**What the exercise asks**
Return nothing but the lines from the one with "El logotipo de" through the one with "Kệ góc liên" in the data below, word for word and without pictures.

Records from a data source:
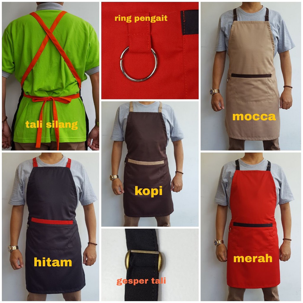 Apron Barista Celemek MasakModel Silang alias X-styleBahan kain American Drill yang bagusnyaPanjang sekitar 83cmLebar sekitar 60cmTali panjang bisa ukuran S sampai XXLTali silang dilengkapi 2 gesper logam sehingga tampil Kece n bisa diatur ukurannya.Dilengkapi saku besar yg dibagi jadi 2 saku kecil n 1 saku besarDilengkapi juga ring untuk pengait semprotan, serbet dll*** Jika perlu memilih warna, tulis sj di catatan beli ato di chat#apron #ce
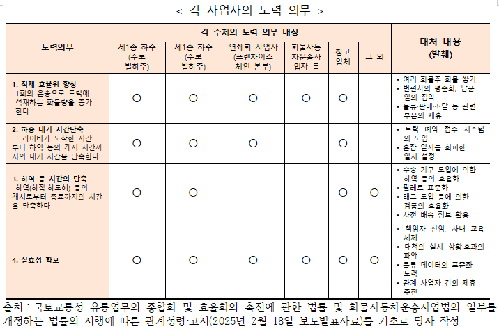 ³ë·ÂÀǹ« µî¿¡ ´ëÇÑ »ç¾÷ÀÚº°·Î ¾Ë¾Æº¸¸é ´ÙÀ½°ú °°´Ù. 1) °¢ »ç¾÷ÀÚÀÇ ³ë·Â Àǹ« »ç¾÷ÀÚº°·Î, ÀûÀçÀ²ÀÇ Çâ»ó, Áü ´ë±â ½Ã°£ÀÇ ´ÜÃà, ÇÏ¿ª µîÀÇ ´ÜÃà ¹× ±× ´ëóÀÇ ½ÇÈ¿¼ºÀ» È®º¸ÇÏ´Â Á¶Ä¡°¡ ³ë·Â Àǹ«·Î¼ ºÎ°úµÇ¾ú´Ù(¾Æ·¡ Ç¥ ÂüÁ¶). 2025³â 2¿ù 18ÀÏ¿¡ °øÆ÷µÈ ÆÇ´Ü ±âÁØÀ¸·ÎºÎÅÍ, »ç¾÷ÀÚº°·Î ³ë·Â Àǹ«ÀÇ ³»¿ëÀ» ¾Ë¾Æº»´Ù. ¨ç ȹ°ÁÖ ¡Þ ÀûÀçÀ²ÀÇ Çâ»ó (¿îÀüÀÚ 1Àδç 1ȸÀÇ ¿î¼Û¸¶´ÙÀÇ È¹°ÀÇ Áß·®ÀÇ Áõ°¡) ¡Þ ȹ° ´ë±â ½Ã°£ÀÇ ´ÜÃà
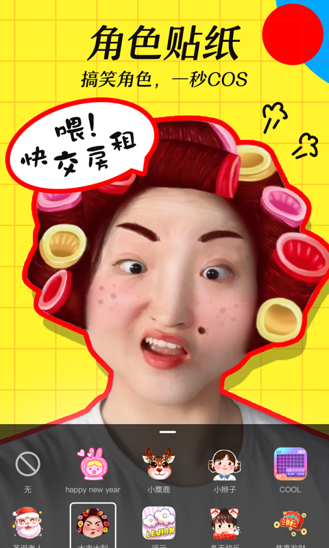 多种动态贴纸自动识别,完美融合你的面部,随心所欲拍出各种视频,妈妈再也不用担心你的道具不够用啦~
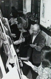 Minderhout geeft schilderles, foto: J. Sinke, 30 oktober 1970, ZB, Beeldbank Zeeland, recordnr. 50806
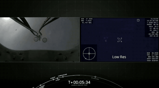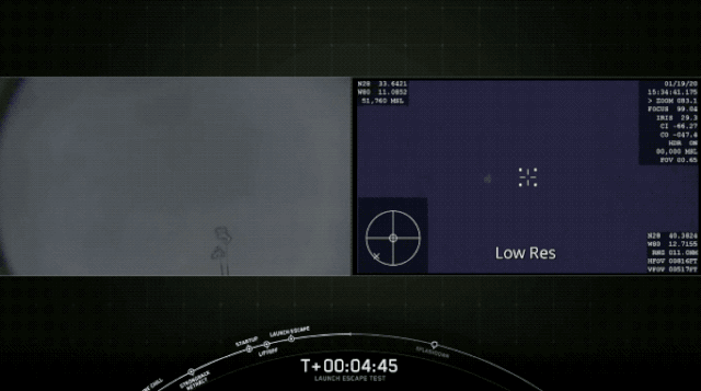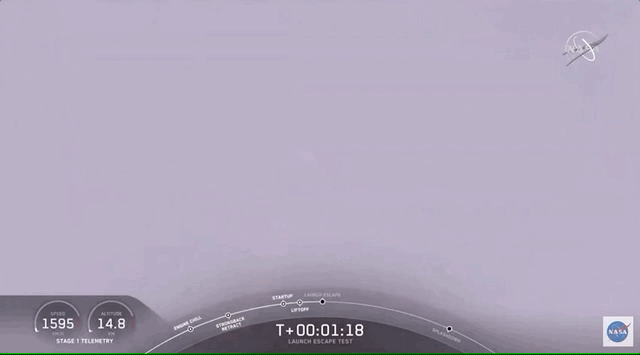 1分钟24秒左右,火箭速度超过1600公里/小时,引擎熄火,太空舱上的八个推进器同时点火,并达到最大推力,太空舱弹射而出。
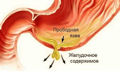 При данной патологии возникает сквозной дефект в желудочной стенке.
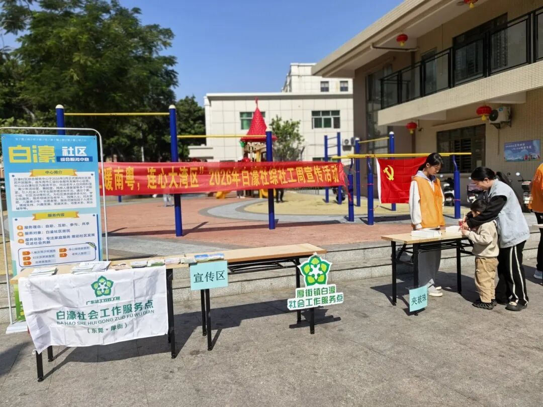 阳春三月,暖意渐浓。为进一步弘扬“奉献、友爱、互助、进步”的志愿精神,提升社会工作的社会认知度与影响力,2026年3月14日上午,汇益中心驻白濠社区综合服务中心举办了以“社工暖南粤,连心大湾区”为主题的社工周宣传活动。本次活动旨在通过丰富多彩的互动体验,让社区居民近距离了解社工服务,感受社工带来的温暖与关怀,共同营造和谐友爱的社区氛围,为大湾区的建设凝聚人心与力量。
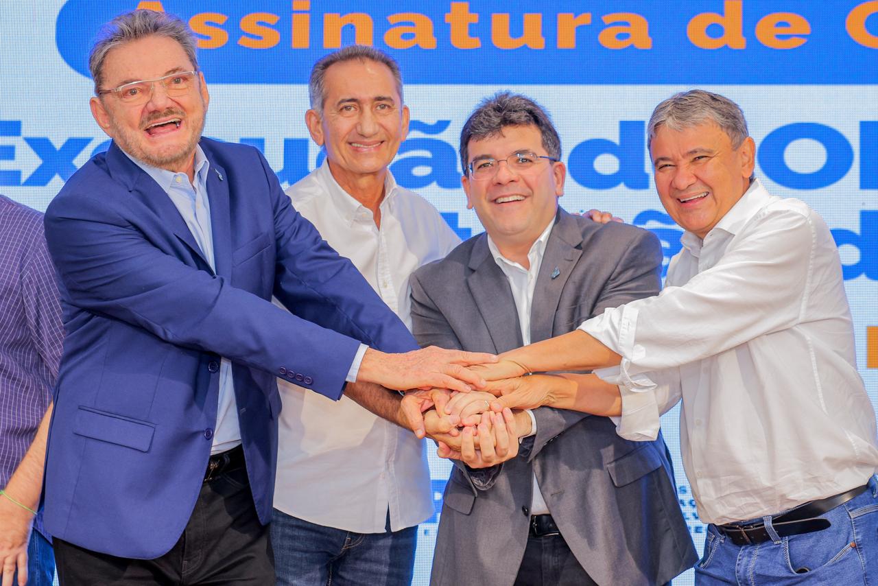 O governador Rafael Fonteles participou, nesta quinta-feira (26), da assinatura do contrato para execução das obras de implantação da adutora de Jaicós. A solenidade foi realizada no Salão Branco do Palácio de Karnak e contou com a presença dos ministros Waldez Góes, da Integração e do Desenvolvimento Regional, e Wellington Dias, da Assistência Social, Família e Combate à Fome. O investimento é de mais de R$ 128 milhões, recurso que será aplicado na estruturação do sistema de abastecimento hídrico no município.
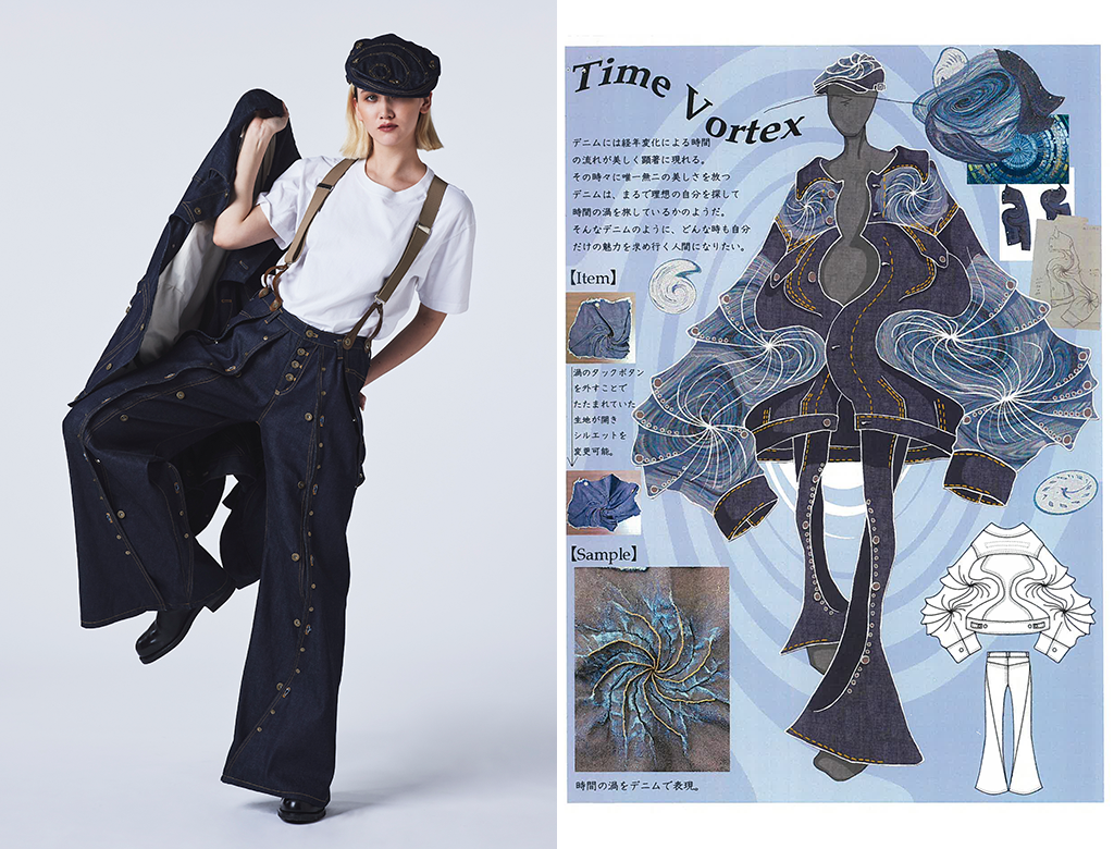 デニムには経年変化による時間の流れが美しく顕著に現れる。その時々に唯一無二の美しさを放つデニムは、まるで理想の自分を探して時間の渦を旅しているかのよう。そんなデニムのようにどんな時も自分だけの魅力を求め行く人間になりたいという思いを込めて制作した。 |
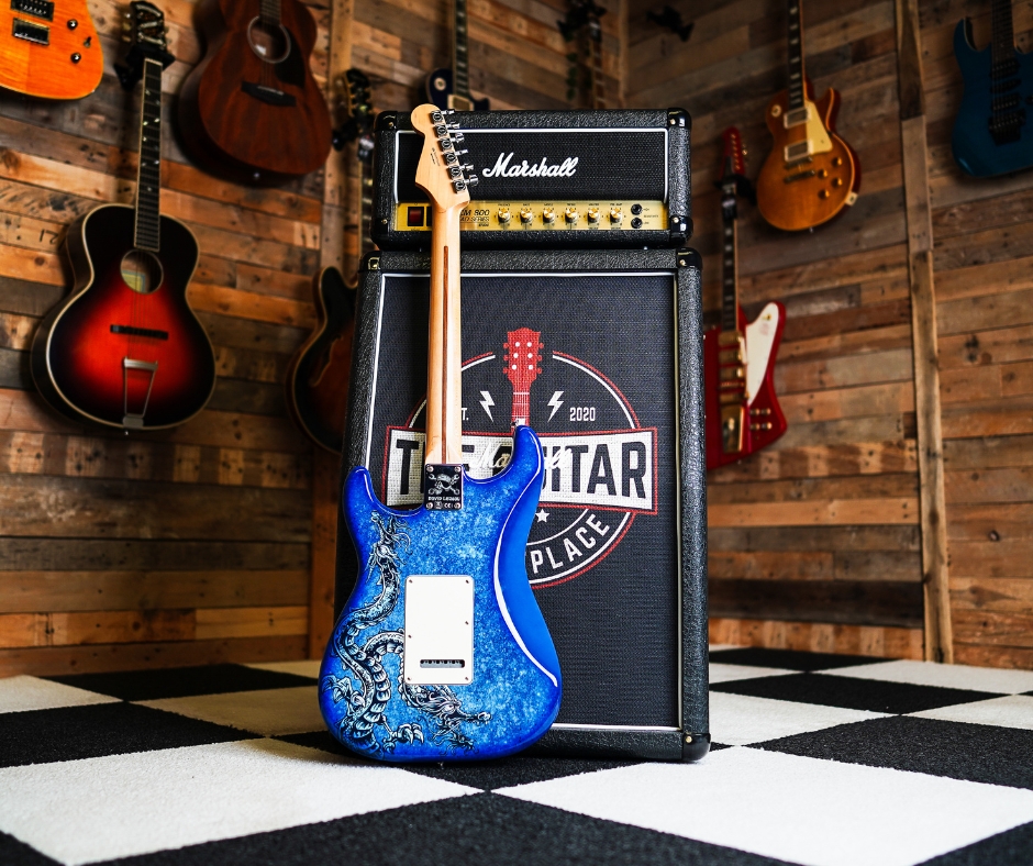 The Fender Special Edition David Lozeau Art Stratocaster “Dragon” is a visually arresting, limited-run instrument that fuses classic Fender playability with the high-octane “Lowbrow” art of renowned artist David Lozeau. Part of a 2015 special series, this model features a custom “Dragon” wrap that brings a vibrant, tattoo-inspired aesthetic to the iconic Stratocaster body.
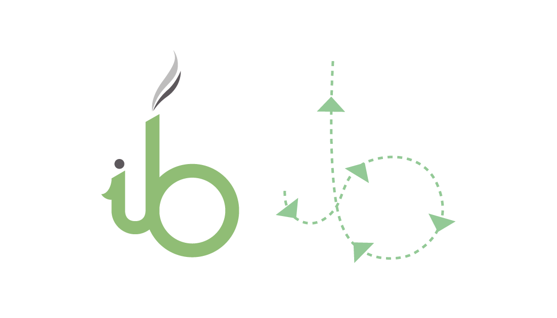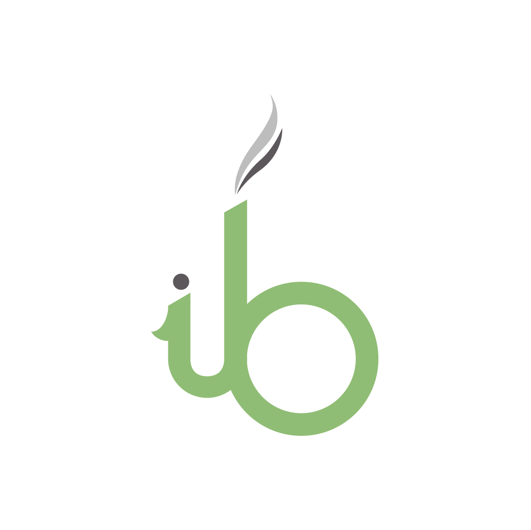El logotipo de Interacciones Biológicas S.L Representa una caldera en la que, desde la letra "I" se inicia el cclo de energía hasta generar el calor, que sale por la letra "B". Se eligió el verde ecológico para reforzar el caracter bio.
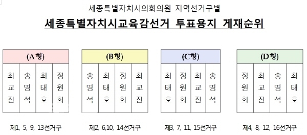 이에따라 투표용지에 교육감후보가 게재되는 순서는 A형, B형, C형, D형으로 나눠지며, 제1 지역 선거구 ~ 제16 지역선거구 세종시의회 의원 지역선거구마다 순환해 배치된다.
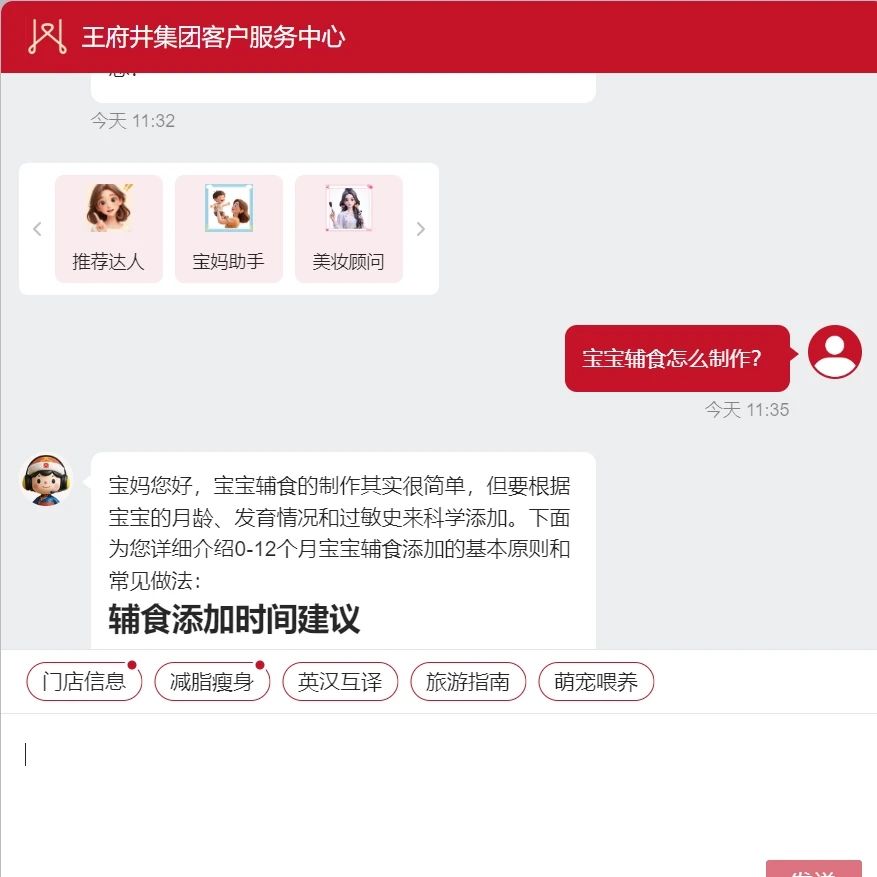 专为育儿家庭打造,,,,,,接纳亲热详尽的相同气概,,,,,,聚焦婴幼儿用品、亲子运动、母婴室位置等问题。。。。。。如:当宝妈询问 “宝宝辅食怎么制作” 时,,,,,,智能体不但会给出科学的辅食添加原则,,,,,,还会提供详细的制作建议。。。。。。
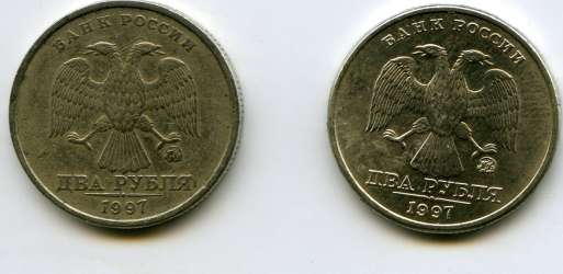 Здравствуйте!Монеты попали из обращения 2 рубля 1997 года ММД. Блеск и отсутствие характерных следов долгого обращения.
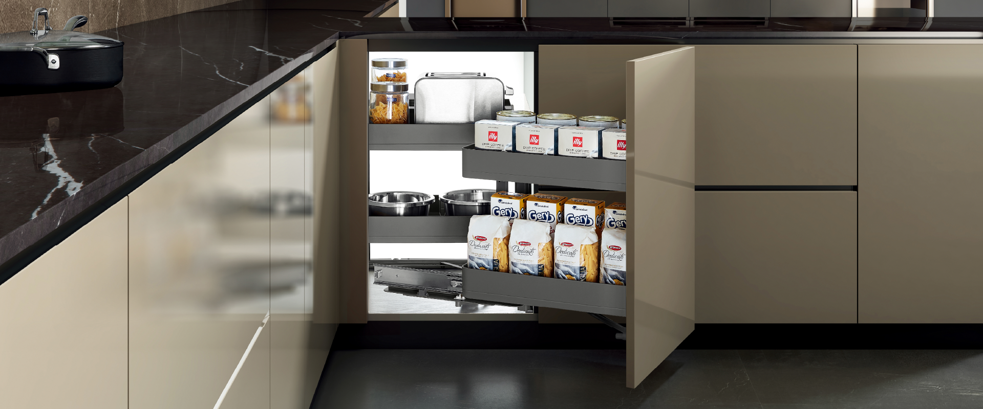 Kệ góc liên hoàn XMC.45TR/TL: xoay trượt mượt mà, tận dụng tối đa không gian, lưu trữ gọn gàng, sang trọng.
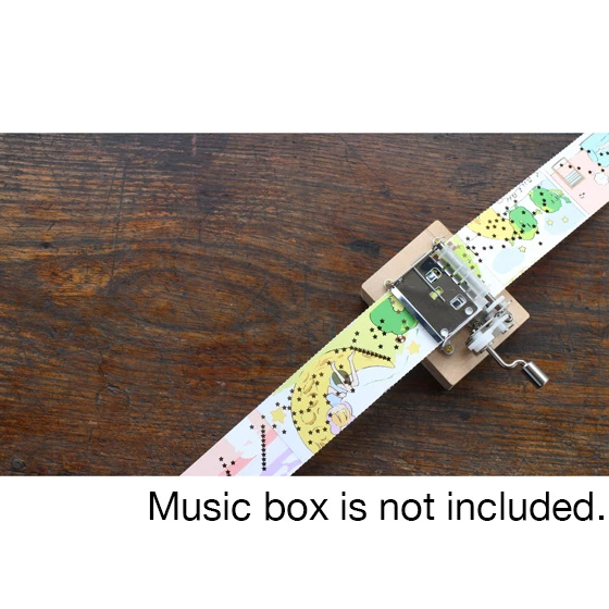 This paper-tape music box manga gives you a new way to enjoy manga using an old-fashioned twist! Feed the paper tape through a music box and watch as manga artist mashiyu’s illustrated story unfolds alongside the hole-punched melody! The paper-tape manga plays the classic aria “Nessun Dorma” from the opera Turandot accompanied by dream-like images of moons, stars and walking shrubbery. The colorful pastel artwork is playful and a little mysterious, and the music note holes create a starry design across the tape. The adorable manga makes for an original and fun way to enjoy a classic piece of music!

**Task response**
El logotipo de Interacciones Biológicas S.L Representa una caldera en la que, desde la letra "I" se inicia el cclo de energía hasta generar el calor, que sale por la letra "B". Se eligió el verde ecológico para reforzar el caracter bio.
 이에따라 투표용지에 교육감후보가 게재되는 순서는 A형, B형, C형, D형으로 나눠지며, 제1 지역 선거구 ~ 제16 지역선거구 세종시의회 의원 지역선거구마다 순환해 배치된다.
 专为育儿家庭打造,,,,,,接纳亲热详尽的相同气概,,,,,,聚焦婴幼儿用品、亲子运动、母婴室位置等问题。。。。。。如:当宝妈询问 “宝宝辅食怎么制作” 时,,,,,,智能体不但会给出科学的辅食添加原则,,,,,,还会提供详细的制作建议。。。。。。
 Здравствуйте!Монеты попали из обращения 2 рубля 1997 года ММД. Блеск и отсутствие характерных следов долгого обращения.
 Kệ góc liên hoàn XMC.45TR/TL: xoay trượt mượt mà, tận dụng tối đa không gian, lưu trữ gọn gàng, sang trọng.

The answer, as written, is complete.